The provision was not part of the original Constitution of 1776. It was first inserted in the reformist Constitution adopted in 1851 and was carried over in the 1864 and 1867 Constitutions. Although there was little discussion recorded in the debates of the 1851 Convention as to its purpose, in Davis v. State, 7 Md. 151 (1854), decided barely three years after its adoption, this Court declared the purpose of the two-part requirement to be “obvious and highly commendable.” Id. at 160. It was intended, we said, to deal with the practice of engrafting onto subjects of great public importance “foreign and often pernicious matters” of local or selfish purposes, thereby inducing legislators to vote for such provisions “which, if they were offered as independent subjects, would never have received their support,” in order not to endanger the main objective. Id. With uncanny prescience, our predecessors added:
“Besides, foreign matter has often been stealthily incorporated into a law, during the haste and confusion always incident upon the close of the sessions of all ^legislative bodies, and it has not unfrequently happened, that in this way the statute books have shown the existence of enactments, that few of the members of the legislature knew any thing of before. To remedy such and similar evils, was this provision inserted into the constitution, and we think wisely inserted.”
Id. See also Parkinson v. State, 14 Md. 184, 193 (1859).

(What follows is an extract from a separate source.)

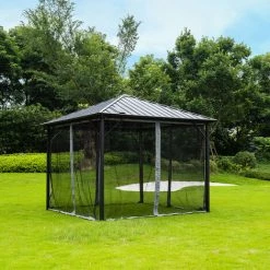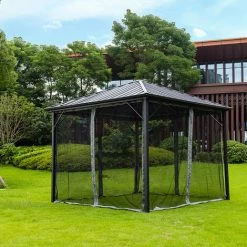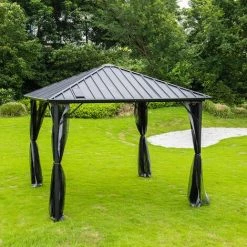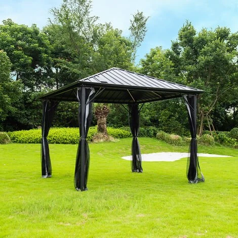 Der Pavillon Azur bietet Ihnen mit seinem Dach aus Metall einen zuverlässigen Schutz vor Sonne, Regen und Insekten. Die Seitenteile bestehen aus strapazierfähigem Polyester und können bei Bedarf geschlossen werden. Für hohe Standfestigkeit und Witterungsbeständigkeit sorgt das Gestell aus pulverbeschichtetem Stahl. Mit dem Insektenschutz werden Sie zuverlässig vor Insekten geschützt. Dank der besonders hochwertigen Verarbeitung und seiner hohen Qualität wird dieser Pavillon zu einem echten Hingucker. Mit den Maßen von ca. 270 cm x 270 cm bietet der Pavillon ein trockenes und schattiges Plätzchen.

Although in the past century-and-a-half there have been more than 130 cases in this Court in which legislation has been challenged under that provision of the Constitution, until 1990, only twice had we found a violation of the “single subject” requirement, in part because the Governor and the General Assembly, over the years, have usually acted responsibly and in compliance with the requirements imposed by the Constitution, and also in part because of our general disposition “to give the section a liberal construction, so as not to interfere *369with or impede legislative action.” Whiting-Turner Contract. Co. v. Coupard, 304 Md. 340, 361, 499 A.2d 178, 189 (1985) (quoting Painter v. Mattfeldt, 119 Md. 466, 473, 87 A. 413, 416 (1913)). See also Porten Sullivan, supra, 318 Md. at 402, 568 A.2d at 1118.3 More recently, we pointed out that our liberal approach, with respect to the “single subject” requirement, is intended to accommodate not only a “significant range and degree of political compromise that necessarily attends the legislative process in a healthy, robust democracy,” but also the fact that “many of the issues facing the General Assembly today are far more complex than those coming before it in earlier times and that the legislation needed to address the problems underlying those issues often must be multifaceted.” Md. Classified Employees Assoc. v. State, 346 Md. 1, 14, 694 A.2d 937, 943.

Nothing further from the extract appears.